Kapit Djoco

Personal information
- Full name: Kapitbafan Djoco
- Date of birth: 9 September 1995 (age 30)
- Place of birth: Paris, France
- Height: 1.86 m (6 ft 1 in)
- Position: Forward

Team information
- Current team: Sochaux
- Number: 9

Youth career
- 2012–2014: Les Lilas

Senior career*
- Years: Team / Apps / (Gls)
- 2014–2016: Avranches / 12 / (0)
- 2016–2017: Poissy / 0 / (0)
- 2017–2019: Aubervilliers / 45 / (19)
- 2019–2020: C'Chartres / 20 / (7)
- 2020–2021: Rouen / 8 / (0)
- 2021–2022: Versailles / 35 / (13)
- 2022–2024: Bastia / 37 / (4)
- 2024–2025: Annecy / 50 / (9)
- 2025–: Sochaux / 32 / (11)

= Kapit Djoco =

French footballer (born 1995)

Kapitbafan Djoco (born 9 September 1995) is a French professional footballer who plays as a forward for club Sochaux.

==Career==
In 2022, Djoco reached the semi-final of the Coupe de France with Versailles.

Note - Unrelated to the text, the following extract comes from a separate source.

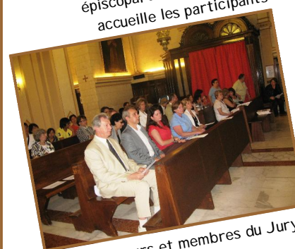
Organisateurs et membres du Jury

He signed his first professional contract with Bastia in December 2022, making his full professional debut against Caen a few days later.

In January 2024, Djoco joined Annecy.

On 15 July 2025, Djoco moved to Sochaux on a two-season deal.

==Personal life==
Djoco is French-Senegalese.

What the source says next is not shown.